The accompanying notes are an integral part of these annual accounts.
| in € | Notes | 31/12/2021 | 31/12/2020 |
|---|---|---|---|
| Other operating income | 1,260,248 | 1,162,553 | |
| Staff costs | 12 | -7,528,313 | -6,310,819 |
| Wages and salaries | -7,221,829 | -6,002,869 | |
| Social security costs | -286,364 | -265,061 | |
| relating to pensions | -220,762 | -203,805 | |
| other social security costs | -65,603 | -61,256 | |
| Other staff costs | -20,120 | -42,890 | |
| Value adjustments | -98,893 | -923,112 | |
| In respect of tangible and intangible fixed assets | 4 | -98,893 | -123,643 |
| In respect of current assets | 6 | - | -799,468 |
| Other operating expenses | 13 | -5,177,393 | -4,639,684 |
| Income from participating interests | 16 | 41,284,624 | 44,177,674 |
| Derived from affiliated undertakings | 1,471,425 | - | |
| Other income from participating interets | 39,813,199 | 44,177,674 | |
| Income from other investments and loans forming part of the fixed assets |
16 | 147,657,154 | 46,659,700 |
| Other income | 147,657,154 | 46,659,700 | |
| Other interest receivable and similar income | 500,823 | 668,787 | |
| Derived from affiliated undertakings | 5,022 | - | |
| Other interest and similar income | 495,801 | 668,787 | |
| Value adjustments in respect of financial assets and of investments held as current assets |
5,14 | -15,685,096 | -11,810,074 |
| Interest payable and similar expenses | -913,977 | -770,112 | |
| Other interest and similar expenses | -913,977 | -770,112 | |
| Profit after taxation | 161,295,177 | 68,214,914 | |
| Other taxes not shown under items above | 15 | -1,473,194 | -546,482 |
| Profit /(loss) for the financial year | 159,821,983 | 67,668,433 |
Luxempart S.A. (hereinafter «the Company» or «Luxempart») was incorporated on 25 April 1988 under the name BIL Participations. The Annual General Meeting of 15 September 1992 decided to change the Company's name to Luxempart S.A. The Company is registered on the trade and companies register of Luxembourg under no. B27846. The Company was created for an unlimited term.

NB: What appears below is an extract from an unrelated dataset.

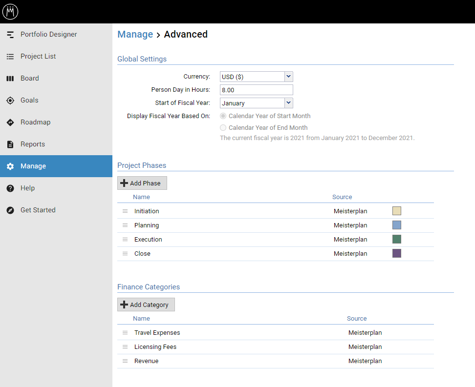Use this view to configure system-wide settings such as currency, project phases or finance categories. In the left Sidebar, click Manage and select Advanced:

The Company's registered office is established at 12, rue Léon Laval in Leudelange. The Company is listed on the Luxembourg Stock Exchange. The Company's financial year begins on 1 January and closes on 31 December of each year.
The Company's purpose is particularly the acquisition of holdings, in whatever form, in other companies as well as management, control, and development of these investments.
In addition to the annual accounts, on the basis of the legal and regulatory provisions established by Luxembourg law, the Company presents consolidated financial statements under IFRS as an investment entity and a consolidated management report, which are available at the Company's headquarters and on www.luxempart.lu.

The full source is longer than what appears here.